If you’re an entrepreneur and someone is judging you?  GOOD!  It means they are hearing what you have to say, seeing your posts, reading your blogs and listening to your words. Isn’t the point of being an entrepreneur to be in front of people? To share your message, mission and dreams with as many people as you can?  It is!!  From this point forward, when someone says something snarky on your social media, mentions your live videos at a party or blasts you with their unsolicited criticism in any negative way, silently say THANK YOU.  It means that your message is out there. It means they SEE you.

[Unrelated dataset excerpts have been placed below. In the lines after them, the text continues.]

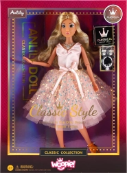 L'elegante bambola Lily del marchio Woopie farà felice ogni piccola principessa. È alta 30 cm, ha lunghi capelli biondi da pettinare e un abito da ballo rosa con brillantini. Inclusi accessori alla moda – collana, orecchini e scarpine eleganti. Adatta ai bambini dai 3 anni.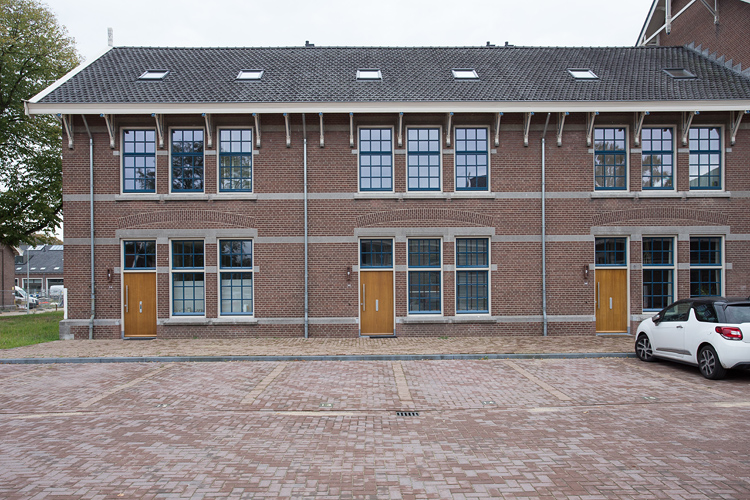 Een van de poten van het hoofdgebouw. De inpassing van de voordeuren is knap gedaan. Ze zien eruit of ze hier altijd al hebben gezeten.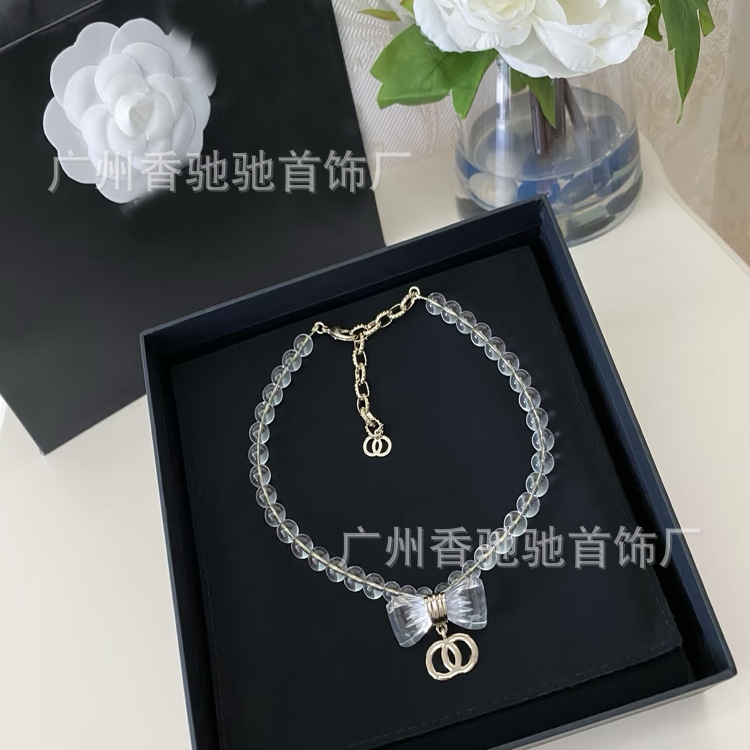 Xiaoxiang style spring and summer new 25p bow glass beads necklace fashion Joker little red book with earrings suit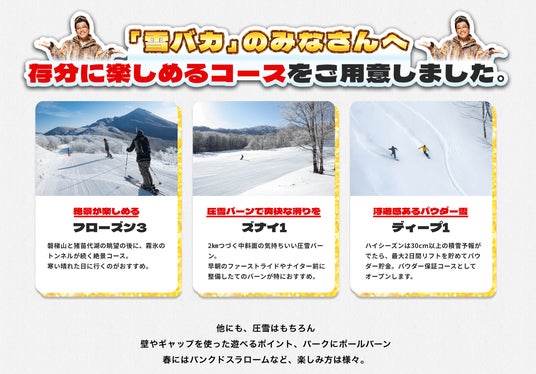 今シーズンは、北エリアに高速クワッドリフト「フレンドリーキャットエクスプレス」を新設。これにより、長さ約1km、最大幅150mの、長くて広い初心者コースが誕生します。さらにこれまで、中上級者向けのコースを通らないとアクセスできなかったエリアに、ベースから直接移動できるようになり、初級者の方が滑走できるコースが広がります。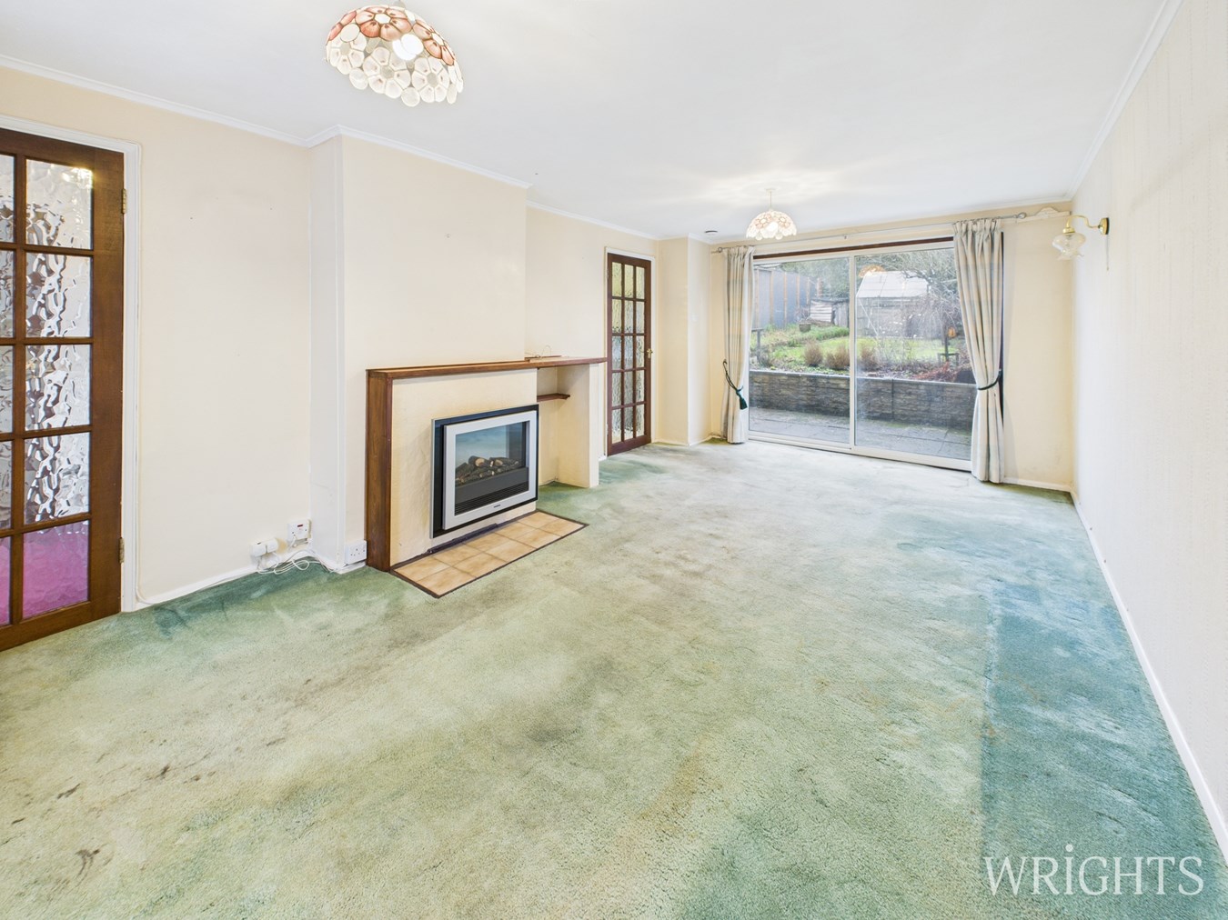 3.37m x 5.64m (11' 1" x 18' 6") Dual aspect living space with double glazed window to the front and sliding doors to the rear. Carpet flooring, gas radiator and feature electric fireplace.

Let go of that misconception that you can go through life being liked by everyone. Even Oprah-freaking-Winfrey has haters.  The goal isn’t to be liked by millions, it’s to be heard by millions. Your message has legs in both the positive and negative spaces and maybe – just maybe – it will bring a ray of light to the darkness for someone who’s judging you.  Isn’t it possible that if your message is good, heart centered and truly changing lives that a year from now your hater may realize that you’re not so bad after all? Isn’t it possible that they are criticizing you and judging you BUT ALL THE WHILE, they are also hearing your words – and slowly you are making an impact. We live in a microwave society where we want everything now – even our impact – but change takes time and cannot be rushed. Ultimately your message can cause change – even in the dark corners of judgement if you continue to show up, put it out there and have patience for it to take hold in the hearts of those who need it most.

My last tip for spinning the judgement in your life is to turn inward again and realize that 99% of the time, the judgement and rejection coming at you has absolutely nothing to do with YOU. I know you’ve heard this before, right?  When someone is throwing shade at me, I will mentally remind myself that they are on a journey different from mine. They may be a young soul, having not yet learned what it means to have tolerance.  Being who I am as a person means that I’ve learned compassion, understanding and have the ability to send some positive energy to the person in front of me and wish them well.

I know it’s easier said than done when someone is calling you a horrible name or telling you that your dreams are shit. I get it.  Here’s the kicker: that’s part of your journey. Learning to rise above those things is a lesson you need to learn.  Accept it for what is, throw the person some love and wish them well.  If you’re on social, delete the negative comment from your post and move on.  It’s not about you. It’s about them. Every time.  Maybe they are in a bad situation at home and trolling the internet to lash out makes them feel better. Maybe they see you succeeding and are jealous because the fears have them trapped. Maybe they’re just angry at the world for a string of obstacles.  Whatever the case, it’s not about you. Tattoo that on your arm if you have to, but continually remind yourself that IT IS NOT ABOUT YOU.

Does any of this make going Live on facebook any easier? Hell no. It’s still scary and overwhelming. My last tip:  Do it scared. Every day just show up, face your fears and do it scared. I promise you that with time it will get easier and the next thing will have you shaking in your boots, but a year from now you’ll be thanking me for this. Just put on the blinders, find your gumption and do it scared.